_Work request_:
Copy the listing below exactly. Pictures stay out of it.

_Data shown_:
= = =

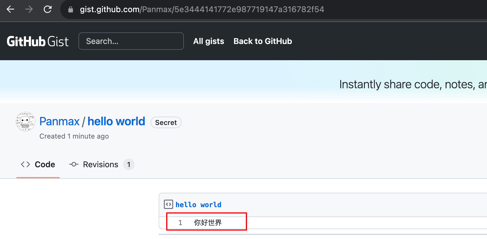 例如,我刚刚创建的 gist 链接是:https://gist.github.com/Panmax/5e3444141772e987719147a316782f54
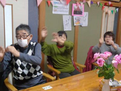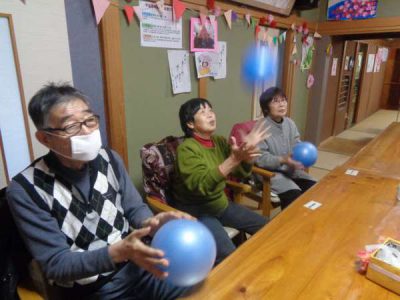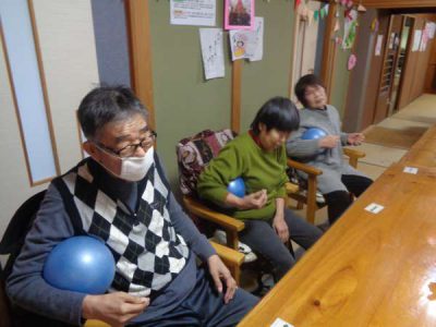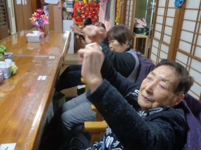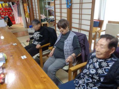 あいうべー体操、歌謡体操で上肢と下肢を動かした後、
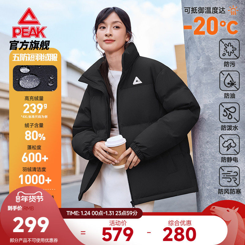 📚 匹克25新款驭雪五防羽绒服丨户外冬季女保暖立领短款棉服运动外套
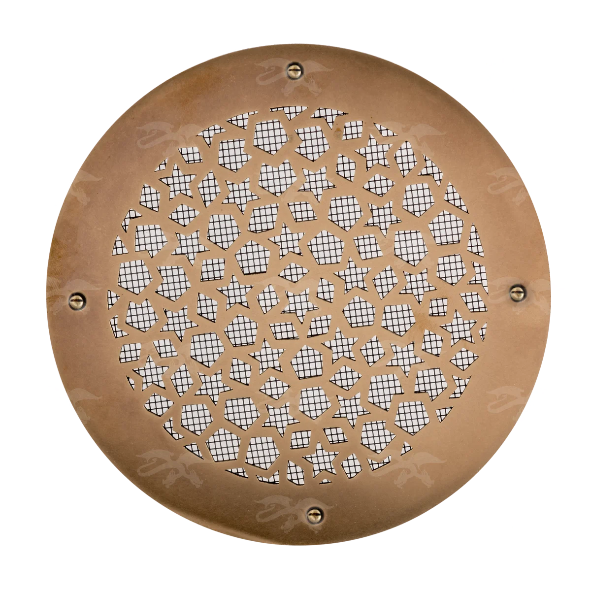 Вентиляционная решетка изготовлена из бронзы методом лазерной резки. Решетка имеет круглую форму. Периферическая часть изделия выполнена в виде широкого ободка. В центре находится узор из звезд, боковые части которых составляют друг с другом пятиугольники. В мастерской «Калежа» также производятся латунные вентиляционные решетки, которые отличаются оригинальным исполнением, высоким качеством и долговечностью.

= = =

_Written reply_:
 例如,我刚刚创建的 gist 链接是:https://gist.github.com/Panmax/5e3444141772e987719147a316782f54
 あいうべー体操、歌謡体操で上肢と下肢を動かした後、
 📚 匹克25新款驭雪五防羽绒服丨户外冬季女保暖立领短款棉服运动外套
 Вентиляционная решетка изготовлена из бронзы методом лазерной резки. Решетка имеет круглую форму. Периферическая часть изделия выполнена в виде широкого ободка. В центре находится узор из звезд, боковые части которых составляют друг с другом пятиугольники. В мастерской «Калежа» также производятся латунные вентиляционные решетки, которые отличаются оригинальным исполнением, высоким качеством и долговечностью.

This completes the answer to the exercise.